The Corner

French Elections: Silver Lining Edition

Over at the Wall Street Journal, their Global View columnist Bret Stephens has a very good piece on the French elections. Like many of us, I suppose, Stephens is amazed to see that French voters not only turned out en masse, but come May 6 (the second round of the elections) they will likely elect Socialist party challenger François Hollande. Obviously, President Sarkozy’s record has a lot to do with the situation (I would like to point out that, in spite the Sarkozy fever that reigned in American at the time of his elections five years ago, I had predicted that he would not deliver on his promises.)

Stephens writes:

Still, the mystery of France is how a nation can witness what happens to countries that live beyond their means and yet insist on living beyond its means. France’s debt-to-GDP ratio will rise to 90% this year from 59% a decade ago. It spends more of its GDP on welfare payments (28.4%) than any other state in the developed world. It has an employment rate of 62.8%, as compared to Germany’s 76.5% or Switzerland’s 82.9%.

These sorts of statistics may have been obscure before the economic crisis, when politics could still be the art of not making choices. Today you would need earplugs, a helmet and a burqa for the message not to get through. Nations, like people, cannot spend too much more than they make; otherwise they can lose their creditworthiness and go broke. Competition in a global economy is a reality, not an option. Wealth cannot be transferred if transfers also destroy wealth. Rich people can always take their money (and their tax payments) elsewhere. The “trade-off” between work and leisure is ultimately a choice between wealth and poverty.

Good question. The whole piece is very much worth reading. The dynamic described is puzzling and it is even depressing. However, I would like to provide one reason to be optimistic (or at least not super depressed) about this elections (Mom, are you listening?). When I think about the countries that have managed to engage in true reforms, many of them were led by left-leaning parties. Take Canada for instance. It’s the country’s Liberal Party that reduced the debt to GDP ratio from 67 percent to 29 percent in a few years by cutting spending in absolute terms and engaging in serious structural reforms. And, while it’s not exactly the same, during his two terms as president, Bill Clinton kept the size of government in check in a way Republicans didn’t when they were in control, and he managed to get welfare reform through.
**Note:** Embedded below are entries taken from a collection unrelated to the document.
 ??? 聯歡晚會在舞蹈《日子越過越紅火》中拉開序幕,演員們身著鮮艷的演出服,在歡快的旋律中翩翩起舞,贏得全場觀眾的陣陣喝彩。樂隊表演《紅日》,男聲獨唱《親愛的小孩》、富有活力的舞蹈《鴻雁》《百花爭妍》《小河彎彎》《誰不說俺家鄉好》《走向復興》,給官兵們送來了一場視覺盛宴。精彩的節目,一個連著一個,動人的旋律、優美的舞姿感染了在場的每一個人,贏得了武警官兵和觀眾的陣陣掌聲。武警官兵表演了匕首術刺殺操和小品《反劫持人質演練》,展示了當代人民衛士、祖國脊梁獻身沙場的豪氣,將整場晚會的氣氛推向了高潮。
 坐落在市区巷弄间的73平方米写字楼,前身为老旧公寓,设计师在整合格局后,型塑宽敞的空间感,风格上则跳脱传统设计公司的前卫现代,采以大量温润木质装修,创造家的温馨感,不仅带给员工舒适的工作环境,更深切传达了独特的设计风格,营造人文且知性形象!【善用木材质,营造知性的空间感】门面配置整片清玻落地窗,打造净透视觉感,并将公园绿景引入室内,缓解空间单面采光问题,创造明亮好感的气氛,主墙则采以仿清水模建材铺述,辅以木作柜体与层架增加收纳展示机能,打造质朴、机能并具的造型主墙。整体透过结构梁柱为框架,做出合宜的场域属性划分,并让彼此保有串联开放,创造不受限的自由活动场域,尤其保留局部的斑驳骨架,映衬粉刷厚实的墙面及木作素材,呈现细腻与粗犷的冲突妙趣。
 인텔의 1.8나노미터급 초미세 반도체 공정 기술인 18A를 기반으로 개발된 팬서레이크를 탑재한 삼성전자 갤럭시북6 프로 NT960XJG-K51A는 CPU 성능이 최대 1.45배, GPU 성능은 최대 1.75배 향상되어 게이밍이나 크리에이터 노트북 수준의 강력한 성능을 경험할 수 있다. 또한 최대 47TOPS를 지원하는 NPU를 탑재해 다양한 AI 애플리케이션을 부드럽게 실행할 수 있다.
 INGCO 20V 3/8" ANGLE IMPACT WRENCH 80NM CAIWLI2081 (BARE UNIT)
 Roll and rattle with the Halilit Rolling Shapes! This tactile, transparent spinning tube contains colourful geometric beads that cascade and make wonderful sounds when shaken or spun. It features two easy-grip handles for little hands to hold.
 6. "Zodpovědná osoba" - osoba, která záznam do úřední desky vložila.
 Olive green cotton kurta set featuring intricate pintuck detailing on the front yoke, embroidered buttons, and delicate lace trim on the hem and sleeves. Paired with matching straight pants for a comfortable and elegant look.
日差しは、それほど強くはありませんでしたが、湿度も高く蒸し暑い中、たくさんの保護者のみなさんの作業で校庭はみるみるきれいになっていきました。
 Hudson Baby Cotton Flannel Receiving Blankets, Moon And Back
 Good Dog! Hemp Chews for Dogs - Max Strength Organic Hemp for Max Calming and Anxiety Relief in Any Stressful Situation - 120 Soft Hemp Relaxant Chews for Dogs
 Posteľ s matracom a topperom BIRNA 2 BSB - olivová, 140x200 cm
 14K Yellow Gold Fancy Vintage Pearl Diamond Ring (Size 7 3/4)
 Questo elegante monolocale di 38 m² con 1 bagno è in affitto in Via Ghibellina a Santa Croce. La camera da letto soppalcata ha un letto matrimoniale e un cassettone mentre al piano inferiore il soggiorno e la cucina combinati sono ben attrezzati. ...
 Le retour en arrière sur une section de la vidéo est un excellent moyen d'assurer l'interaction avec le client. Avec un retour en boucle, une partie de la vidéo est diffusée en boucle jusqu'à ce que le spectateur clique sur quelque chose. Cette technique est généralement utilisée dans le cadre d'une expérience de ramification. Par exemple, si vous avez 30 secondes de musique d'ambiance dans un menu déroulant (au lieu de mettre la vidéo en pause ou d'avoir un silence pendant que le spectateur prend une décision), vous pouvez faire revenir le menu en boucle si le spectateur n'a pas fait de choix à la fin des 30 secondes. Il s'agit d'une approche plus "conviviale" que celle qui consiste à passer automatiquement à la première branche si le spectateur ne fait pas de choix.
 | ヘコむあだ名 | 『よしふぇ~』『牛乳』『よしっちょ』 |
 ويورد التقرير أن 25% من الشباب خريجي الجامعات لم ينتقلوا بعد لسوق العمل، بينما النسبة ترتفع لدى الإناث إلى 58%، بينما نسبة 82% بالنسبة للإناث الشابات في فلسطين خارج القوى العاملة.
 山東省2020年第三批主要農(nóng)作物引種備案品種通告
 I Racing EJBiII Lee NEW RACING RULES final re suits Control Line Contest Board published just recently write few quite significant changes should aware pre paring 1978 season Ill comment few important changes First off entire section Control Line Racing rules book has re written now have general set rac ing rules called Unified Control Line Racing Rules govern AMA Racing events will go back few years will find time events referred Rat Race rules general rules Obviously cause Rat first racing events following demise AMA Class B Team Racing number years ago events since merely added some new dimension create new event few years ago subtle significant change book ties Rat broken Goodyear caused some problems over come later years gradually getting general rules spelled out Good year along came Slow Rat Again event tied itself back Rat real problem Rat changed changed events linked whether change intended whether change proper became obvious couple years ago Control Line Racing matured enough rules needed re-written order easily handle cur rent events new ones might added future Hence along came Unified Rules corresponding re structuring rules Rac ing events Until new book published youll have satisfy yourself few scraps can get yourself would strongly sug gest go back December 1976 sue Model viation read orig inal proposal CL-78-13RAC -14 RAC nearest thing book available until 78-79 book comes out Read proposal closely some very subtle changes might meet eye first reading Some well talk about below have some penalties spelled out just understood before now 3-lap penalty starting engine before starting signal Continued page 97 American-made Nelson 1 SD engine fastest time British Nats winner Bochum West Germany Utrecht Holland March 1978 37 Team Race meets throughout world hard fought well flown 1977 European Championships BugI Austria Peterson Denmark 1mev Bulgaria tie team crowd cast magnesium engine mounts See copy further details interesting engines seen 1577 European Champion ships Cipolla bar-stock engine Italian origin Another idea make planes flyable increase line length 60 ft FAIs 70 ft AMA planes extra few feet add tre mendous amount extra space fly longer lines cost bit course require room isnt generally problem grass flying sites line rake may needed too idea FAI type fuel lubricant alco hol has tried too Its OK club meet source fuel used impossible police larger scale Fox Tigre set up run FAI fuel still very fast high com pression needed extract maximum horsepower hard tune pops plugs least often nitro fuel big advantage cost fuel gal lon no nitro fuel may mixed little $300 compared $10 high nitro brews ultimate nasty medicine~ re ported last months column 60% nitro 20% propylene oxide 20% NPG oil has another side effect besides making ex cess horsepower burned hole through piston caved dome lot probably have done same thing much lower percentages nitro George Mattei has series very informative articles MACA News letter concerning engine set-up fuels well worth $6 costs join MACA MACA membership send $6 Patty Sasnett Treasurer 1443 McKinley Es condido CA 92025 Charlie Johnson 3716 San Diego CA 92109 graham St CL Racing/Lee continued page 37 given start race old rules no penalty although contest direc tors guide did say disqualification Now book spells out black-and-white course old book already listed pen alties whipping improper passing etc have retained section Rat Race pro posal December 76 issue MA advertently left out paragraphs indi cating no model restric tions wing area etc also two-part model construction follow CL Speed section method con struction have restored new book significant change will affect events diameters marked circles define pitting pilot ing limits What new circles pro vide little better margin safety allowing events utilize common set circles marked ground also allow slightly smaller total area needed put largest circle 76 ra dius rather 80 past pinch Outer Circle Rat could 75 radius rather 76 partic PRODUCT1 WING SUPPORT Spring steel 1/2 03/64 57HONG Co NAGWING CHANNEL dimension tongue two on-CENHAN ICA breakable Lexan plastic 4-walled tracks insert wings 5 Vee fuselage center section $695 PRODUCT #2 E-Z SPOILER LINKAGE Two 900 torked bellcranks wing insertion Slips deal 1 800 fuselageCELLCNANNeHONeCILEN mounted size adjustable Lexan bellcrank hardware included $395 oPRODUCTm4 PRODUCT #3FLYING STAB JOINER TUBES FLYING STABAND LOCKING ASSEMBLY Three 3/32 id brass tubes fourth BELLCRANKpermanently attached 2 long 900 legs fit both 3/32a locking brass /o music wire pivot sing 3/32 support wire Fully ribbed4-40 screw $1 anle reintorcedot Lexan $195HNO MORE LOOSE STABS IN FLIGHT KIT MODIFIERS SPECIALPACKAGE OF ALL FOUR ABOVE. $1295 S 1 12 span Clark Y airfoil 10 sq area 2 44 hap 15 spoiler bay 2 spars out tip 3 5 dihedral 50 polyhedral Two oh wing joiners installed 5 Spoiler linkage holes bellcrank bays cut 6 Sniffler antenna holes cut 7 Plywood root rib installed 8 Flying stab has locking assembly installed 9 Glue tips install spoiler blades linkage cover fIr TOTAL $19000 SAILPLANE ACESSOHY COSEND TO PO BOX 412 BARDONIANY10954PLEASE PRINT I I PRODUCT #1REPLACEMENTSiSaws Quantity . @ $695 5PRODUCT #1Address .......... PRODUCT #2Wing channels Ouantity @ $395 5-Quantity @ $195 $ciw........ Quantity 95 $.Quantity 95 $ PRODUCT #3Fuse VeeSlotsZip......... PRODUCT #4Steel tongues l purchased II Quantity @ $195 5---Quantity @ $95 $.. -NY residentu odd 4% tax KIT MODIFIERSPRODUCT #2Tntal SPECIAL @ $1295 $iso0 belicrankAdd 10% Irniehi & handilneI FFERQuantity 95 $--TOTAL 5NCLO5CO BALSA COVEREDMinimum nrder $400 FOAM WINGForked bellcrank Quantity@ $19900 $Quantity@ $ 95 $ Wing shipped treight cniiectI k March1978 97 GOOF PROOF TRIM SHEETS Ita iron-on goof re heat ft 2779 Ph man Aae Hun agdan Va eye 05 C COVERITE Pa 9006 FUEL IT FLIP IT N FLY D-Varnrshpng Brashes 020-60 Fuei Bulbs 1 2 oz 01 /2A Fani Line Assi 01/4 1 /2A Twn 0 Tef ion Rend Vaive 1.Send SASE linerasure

Somehow, it may be easier to talk about controlling Medicare when you are a Democrat than when you are a Republican.

My colleague Matt Mitchell made that the same point a few months ago when he wrote that maybe all we needed in the US to finally reform Social Security, Medicare and Medicaid was a super Democrat. He pointed to some academic research:

And one piece of evidence for this is a 2004 paper in the Journal of Public Economics by the economist José Tavares. He writes:

In a panel of large fiscal adjustments in OECD countries during the last 40 years, we find evidence that left-wing and right-wing cabinets are partisan: the left tends to reduce the deficit by raising tax revenues while the right relies mostly on spending cuts. Our testable hypothesis is that cabinets can signal commitment by undertaking fiscal adjustments in ways that are not favored by their constituencies. In other words, the left gains credibility when it cuts spending while the right becomes more credible when it increases tax revenues. Probit estimates of the determinants of persistence in fiscal adjustments confirm that spending cuts by the left and tax increases by the right are associated with persistent adjustments.

So if it is spending cuts that we need, then these cuts are likely to be more sustainable (“persistent”) if they are executed by a left-leaning government.

So here is my “the glass is half full” outlook for France: Yes, the French will probably elect a Socialist. Yes, he will try to implement many bad policies. But at some point it will become obvious that there is no way to further avoid reforming the labor market, the social programs, and the tax system, or to avoid reducing spending. When that time comes (hopefully not too late), it may be easier for Hollande to push these reforms through than it would be for a free-market president (note that there were no free market candidate on the menu in France this time around), to make the French accept the reforms.

Now, I am going to keep my fingers crossed that I am right about this because, otherwise, the French are doomed.

By the way, one necessary condition for this theory to work is that the country must have a sense that there is no option left but to reform. That doesn’t apply to the U.S. While we do have a Democrat in the White House, there are still enough people in Congress, in the media, and across the country who believe that the U.S. will be just fine if we finally cut foreign-aid spending.

Veronique de Rugy is a senior research fellow at the Mercatus Center at George Mason University.